* [Provided data]:
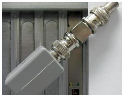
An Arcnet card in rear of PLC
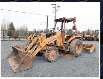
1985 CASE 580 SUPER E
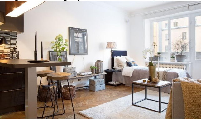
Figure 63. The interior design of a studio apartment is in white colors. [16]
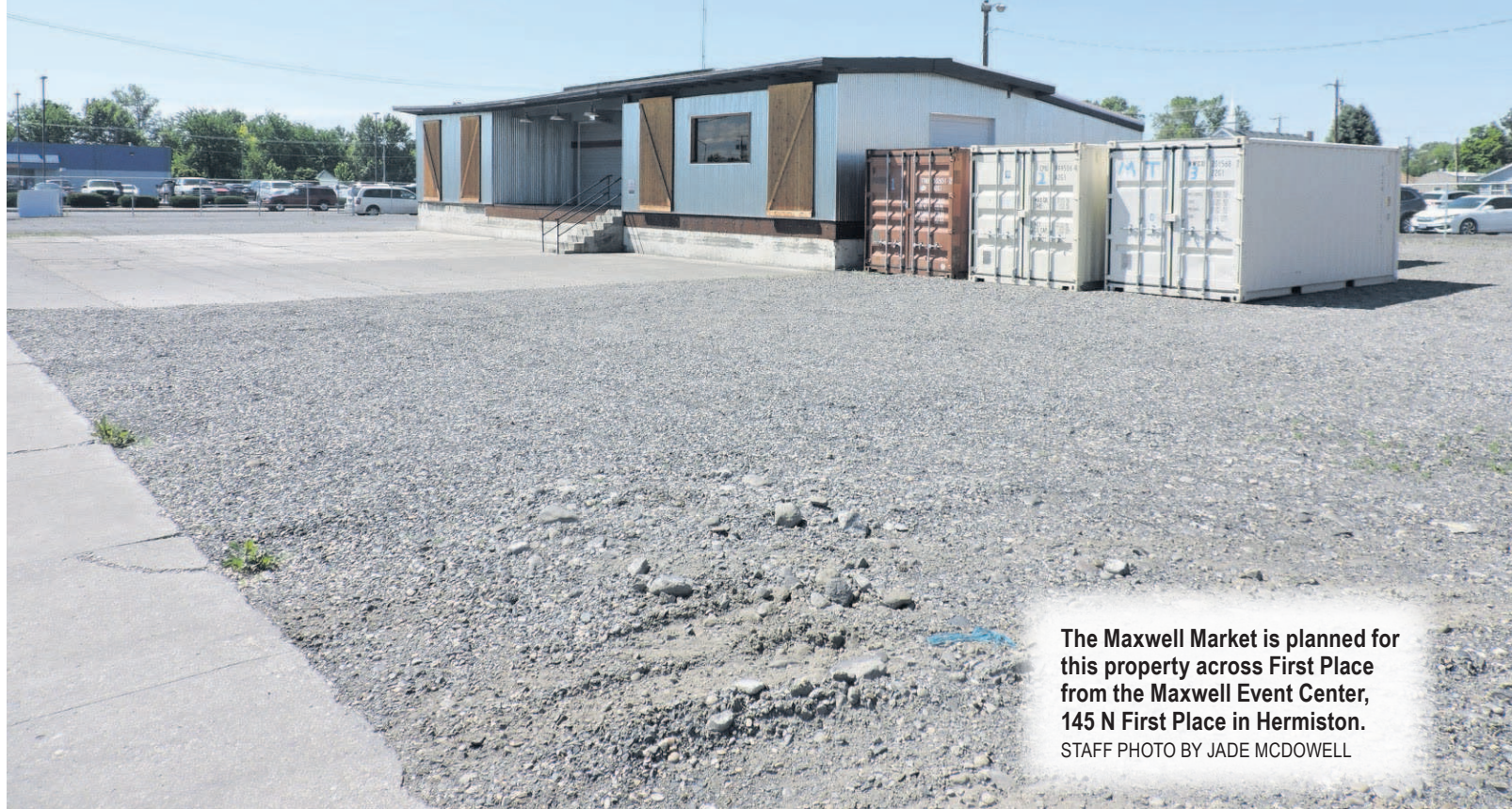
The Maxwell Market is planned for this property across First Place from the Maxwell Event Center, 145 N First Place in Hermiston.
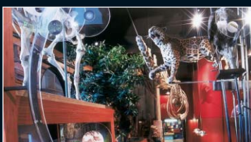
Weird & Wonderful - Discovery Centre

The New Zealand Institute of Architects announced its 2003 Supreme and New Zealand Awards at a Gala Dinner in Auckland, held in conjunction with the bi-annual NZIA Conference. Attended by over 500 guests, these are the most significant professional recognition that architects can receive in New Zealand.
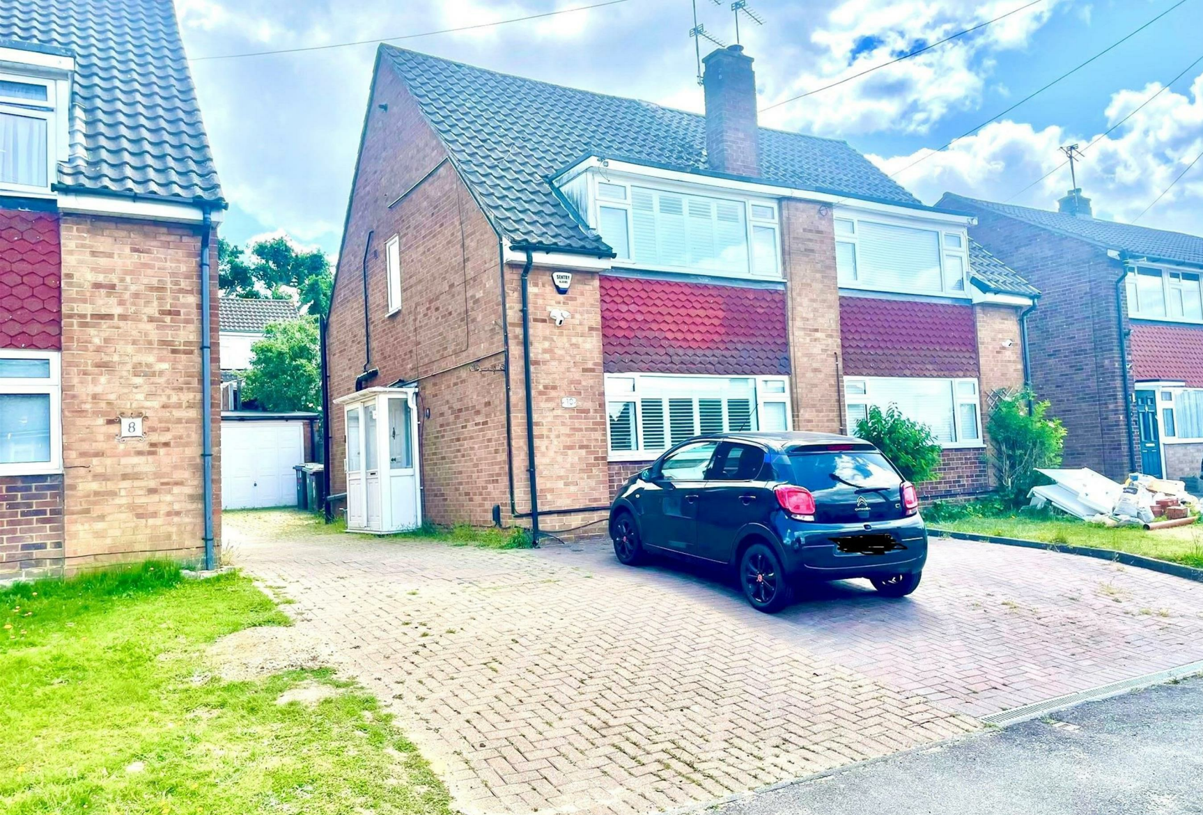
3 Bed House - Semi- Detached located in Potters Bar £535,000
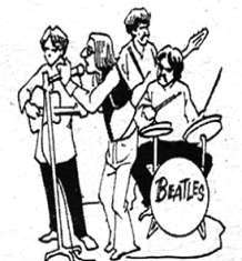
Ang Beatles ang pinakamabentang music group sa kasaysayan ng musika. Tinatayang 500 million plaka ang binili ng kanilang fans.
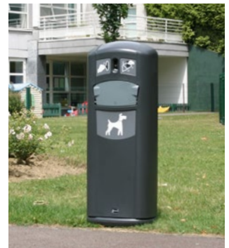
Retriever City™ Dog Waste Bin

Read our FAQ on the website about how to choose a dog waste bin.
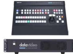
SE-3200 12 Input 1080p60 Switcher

...

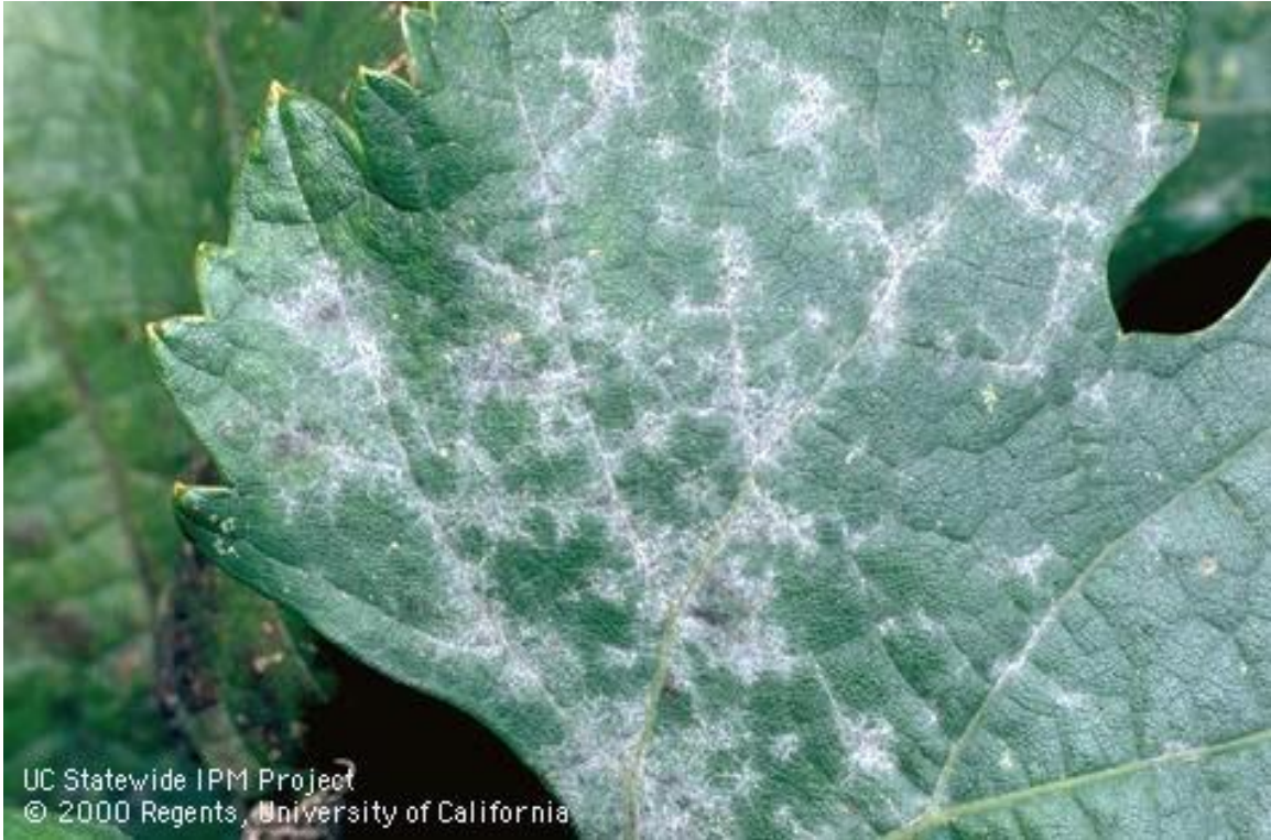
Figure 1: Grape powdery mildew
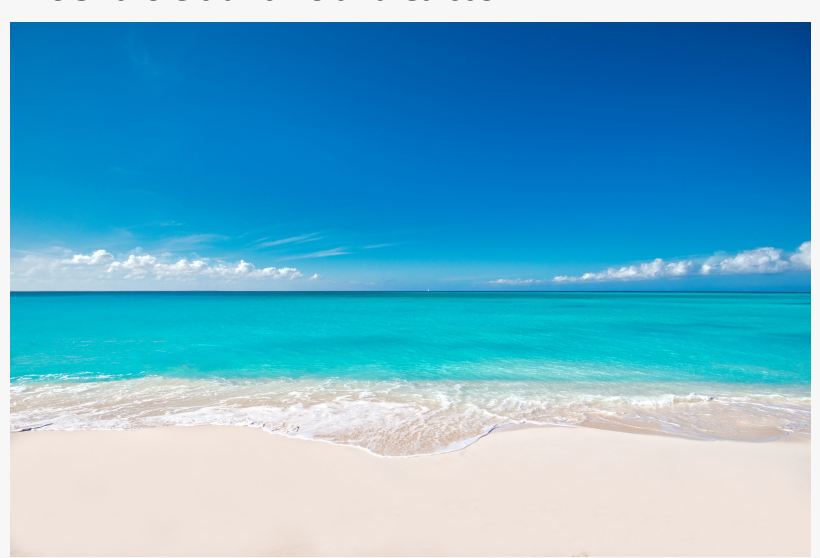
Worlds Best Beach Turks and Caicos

...

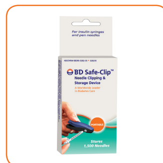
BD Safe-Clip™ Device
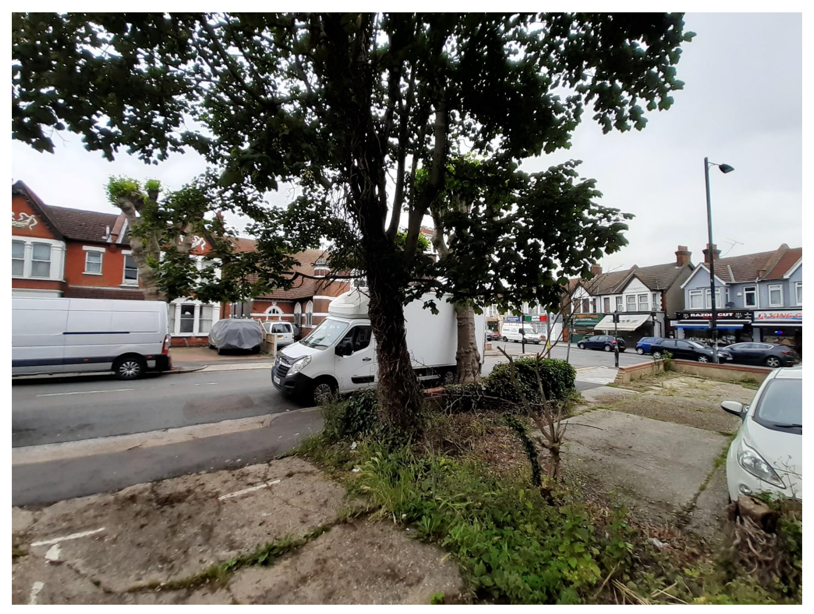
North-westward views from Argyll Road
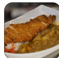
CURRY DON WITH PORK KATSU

* [Exercise requirements]:
Using the data above, output the line that has "BD Safe-Clip™ Device", the line that has "CURRY DON WITH PORK KATSU", and whatever lines fall between, each exactly as it stands and without pictures.

* [Answer for this exercise]:
BD Safe-Clip™ Device
North-westward views from Argyll Road
CURRY DON WITH PORK KATSU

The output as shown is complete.